Cuando se abrió la posibilidad de reformas al Código Penal, la plataforma SOMOS MUCHAS presentó en 2017 una propuesta de despenalización del aborto por tres causales. Pero la propuesta fue rechazada y no recibió ningún compromiso de apoyo por parte de los partidos opositores en el CN. Contrario a eso, la reforma disminuyó las penas para los violadores. Mientras otros países lograron avances importantes. Ese mismo año Chile, que era parte de la ola de movilizaciones en Sudamérica, conquistó los tres causales, y un año después, en un referéndum con resultados a favor, Irlanda legalizó el aborto.

Hasta aquí es importante subrayar que el derecho a la vida tan defendido por los sectores pro-vida es hipócrita cuando no considera la vida de la madre, que es la única víctima ante la imposibilidad de poder practicarse un aborto en condiciones seguras.

Según la Sociedad de Ginecología y Obstetricia de Honduras, en un posicionamiento emitido el 25 de enero:[4]

“Las reformas constitucionales aprobadas están basadas en serios errores conceptuales sobre la finalización del embarazo desde el punto de vista científico, bioético y por causales médicas. Lamentablemente esos errores están incluidos en el código penal aprobado en la cámara legislativa. Esta reforma de ley viene a incrementar el deterioro en la salud y la vida de mujeres y niñas, provocando un retroceso en el derecho a la salud reproductiva e impactando aún más en las ya desbordantes cifras de mortalidad materna en nuestro país”.

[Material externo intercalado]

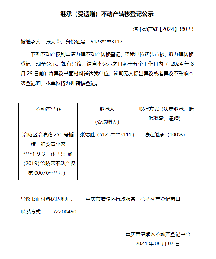 张大荣继承公告 涪不动产继【2024】380号

Es evidente la inexistencia de un Estado laico en el país, al no tomar en cuenta a las personas calificadas y, peor aún, a las propias mujeres, pero sí a la Iglesia católica, la confraternidad evangélica y los pro-vida, en una discusión que no les corresponde. Tampoco olvidamos que estos sectores revisan las guías metodológicas de educación sexual emitidas por la Secretaría de Educación (SE), y en 2018 recomendaron se retiraran ilustraciones sobre los órganos sexuales reproductivos, sugerencia que la SE ejecutó. Una vez se comenzaron a distribuir, la Iglesia católica manifestó que, aunque participa de las discusiones, no está de acuerdo con su distribución porque las guías fomentan las relaciones sexuales a temprana edad, realidad que ellos ignoran.

Además, si una mujer quiere esterilizarse para no tener más hijos, o no tenerlos, se le pide una serie de requisitos que van desde la edad, autorización del esposo, y haber tenido al menos 2 o 3 hijos ya.

El Partido Nacional no respeta la vida

El argumento central de los parlamentaristas es que el derecho a la vida debe defenderse desde la concepción, y los diputados se han autoproclamado defensores y respetuosos de la vida, cuando su legislación lo que menos ha defendido en el país es precisamente eso, y donde son las mujeres de la clase trabajadora las que llevan la peor parte.

La dictadura de JOH, incluso ha asesinado a sangre fría cuando le fue necesario, y con sus políticas nos conduce inevitablemente hacia la muerte. Su mala administración ante la pandemia de Covid-19 y los posteriores huracanes IOTA y ETA es la mejor prueba. La dictadura cachureca ante el saqueo, la falta de insumos y de medidas serias, hace que los hondureños perdamos la batalla contra el Covid-19. Solo el mes de enero cerrará con más de 1.200 muertes según la Asociación Nacional de Funerarias, y fueron miles los que decidieron arriesgar sus vidas en el éxodo migratorio ante las pérdidas que dejaron las lluvias; otros viven en carpas a la orilla de la calle. ¡Hipócritas, no les creemos su discurso doble moral!

Unidad y lucha por el derecho a decidir: sigamos el ejemplo argentino

Penalizar el aborto no impide que este se practique, como legalizarlo no obliga a ninguna mujer a practicarlo; penalizar el aborto sí penaliza la libertad de las mujeres a decidir sobre sus cuerpos, a elegir el momento o no de su maternidad. Con la legalización del aborto solo se pretende sacar el aborto de la clandestinidad, y brindarles a las mujeres opciones legales, gratuitas y seguras, siendo este un tema de salud pública.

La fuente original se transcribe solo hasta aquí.